One or more of the authors has declared the following potential conflict of interest or source of funding: S.D.J. has received education payments from Evolution Surgical, Gemini Mountain Medical, and Smith & Nephew. A.L. has received education payments from Gemini Mountain Medical and hospitality payments from Stryker. J.T.B. has received consulting fees from Encore Medical and Smith & Nephew, nonconsulting fees from Smith & Nephew, and education payments from Smith & Nephew. E.C.M. has received consulting fees from DePuy Synthes Products, Zimmer Biomet Holdings, Medical Device Business Services, Pacira Therapeutics, and Flexion Therapeutics; nonconsulting fees from Synthes GmbH; royalties from Zimmer Biomet Holdings; and education payments from Gemini Mountain Medical.
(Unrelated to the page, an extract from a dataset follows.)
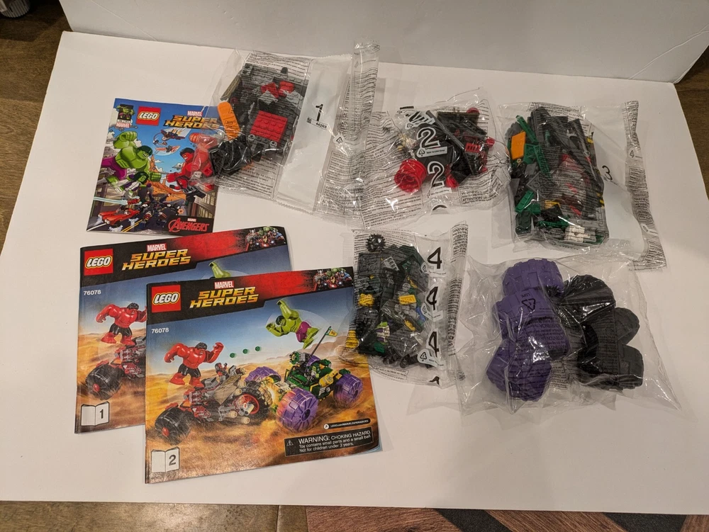 Unleash the power of the Avengers with the LEGO Marvel Super Heroes Hulk vs. Red Hulk set, model 76078. This action-packed set features the iconic clash between two of Marvel's mightiest figures, set against a backdrop of vivid, multicolor scenery. Whether you're recreating epic battles or displaying your superhero collection, this set is a must-have for fans. Included in the box is the original manual, which provides step-by-step instructions to guide you through building your very own showdown between the Hulk and Red Hulk. Constructed from durable plastic and designed for builders aged 5 and up, this partial set is a dynamic addition to any LEGO enthusiast's repertoire, celebrating the enduring legacy of the Avengers.All 5 bags are sealed and exactly as pictured.There should be 9 bags so it is a partial set.

A.S. has received consulting fees from Encore Medical and Medacta USA and honoraria from Encore Medical. R.M.F. has received nonconsulting fees from Arthrex, Bodycad USA, and Synthes GmbH; consulting fees from Arthrex; education payments from Gemini Mountain Medical, Arthrex, and Pinnacle; and hospitality payments from Smith & Nephew. AOSSM checks author disclosures against the Open Payments Database (OPD). AOSSM has not conducted an independent investigation on the OPD and disclaims any liability or responsibility relating thereto.
Ethical approval was not sought for the present study.